Okay, yeah, I’ll fess up: The Joke Factory also shows how humor can become dated. Does anyone tell (or even remember) “traveling salesman” jokes in the Internet Age? Mother-In-Law and “big nose” jokes also seem to be ancient history, along with bald head jokes (thank you, Michael Jordan!). Those “topical humor” jokes about Arabs and Oil worked in the 1970s, when Richard Nixon was a favorite target of humorists and caricaturists in the 1960-70s. Today people prefer Donald Trump as a target. Ten years from now people will probably forget that guy, the same way Nixon is a faded memory.

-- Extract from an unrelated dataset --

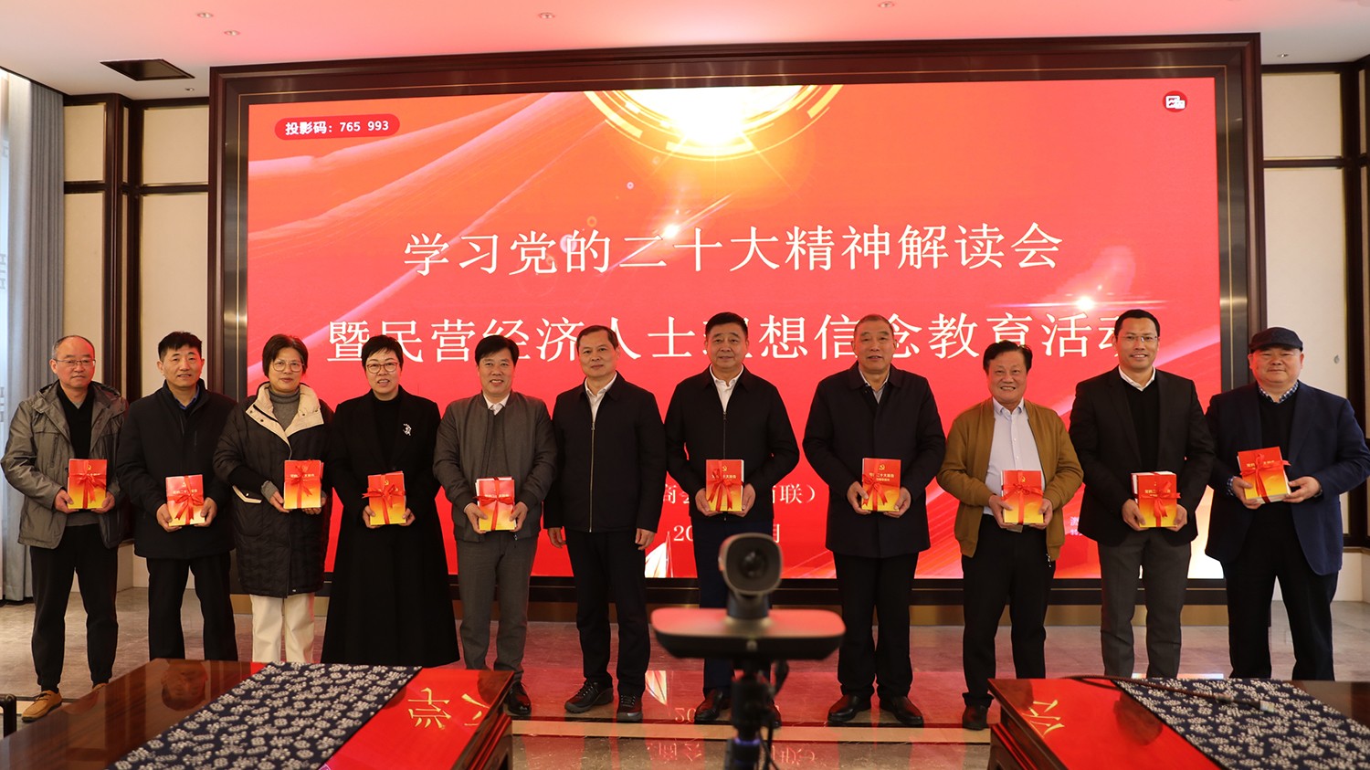 此次活动深入学习宣传贯彻党的二十大精神,进一步凝聚开发区民营经济人士思想共识,激发民营企业“敢闯敢干”新活力,奋力开辟民营经济“两个健康”发展新天地。区党工委委员、管委会副主任刘锋向全体与会代表赠送了《党的二十大报告学习辅导百问》《党的二十大报告辅导读本》等学习用书,向民营企业家发出读原文、悟原理的倡议。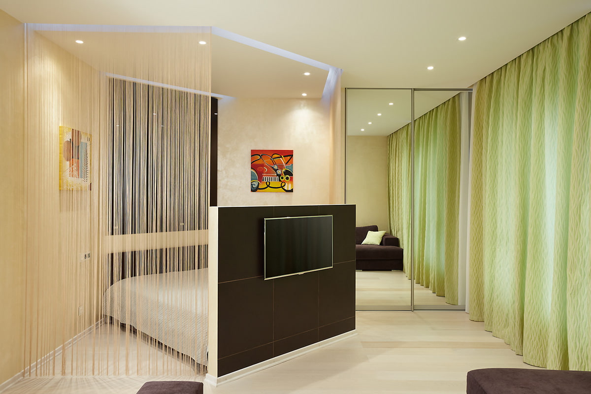 Изоляция при помощи занавесок спальной области в однокомнатной квартире сформирует ощущение уединения. Сделать его можно в виде классической портьеры или балдахина над спальным местом на входе в зону спальни. Главная особенность, которая будет приятна любителям всего нового, заключается в том, что шторы можно периодически заменять. Регулярно выбирая новый материал, цвет и дизайн штор, вы придадите всему помещению новый модный стиль. Помимо этого, созданы двусторонние шторы, предполагающие перемену визуального пространства, целью которого – придать каждой зоне свой неповторимый стиль.

This is why I have always avoided material about politics and current events. “Tain’t funny, McGee!”
Surprisingly, the Robin Williams and Steve Martin references still hold up. Like the Marx Brothers or Three Stooges, those two comedians seem to hold a bit of relevance because of all the classic films they appear in. Likewise the Kermit the Frog joke, and ye olde “Changing Light Bulbs” gags. Slapstick is still funny (we all love the Three Stooges, right?), along with changing light bulbs, “walking into a bar” and eating ice cream. Even the final panel’s hippopotamus joke is, if not outright funny, at least a bit humorous.
Anyway, I hope you get a laugh or two out of Joe’s trip to the Joke Factory. That is why “comic” strips were invented, after all.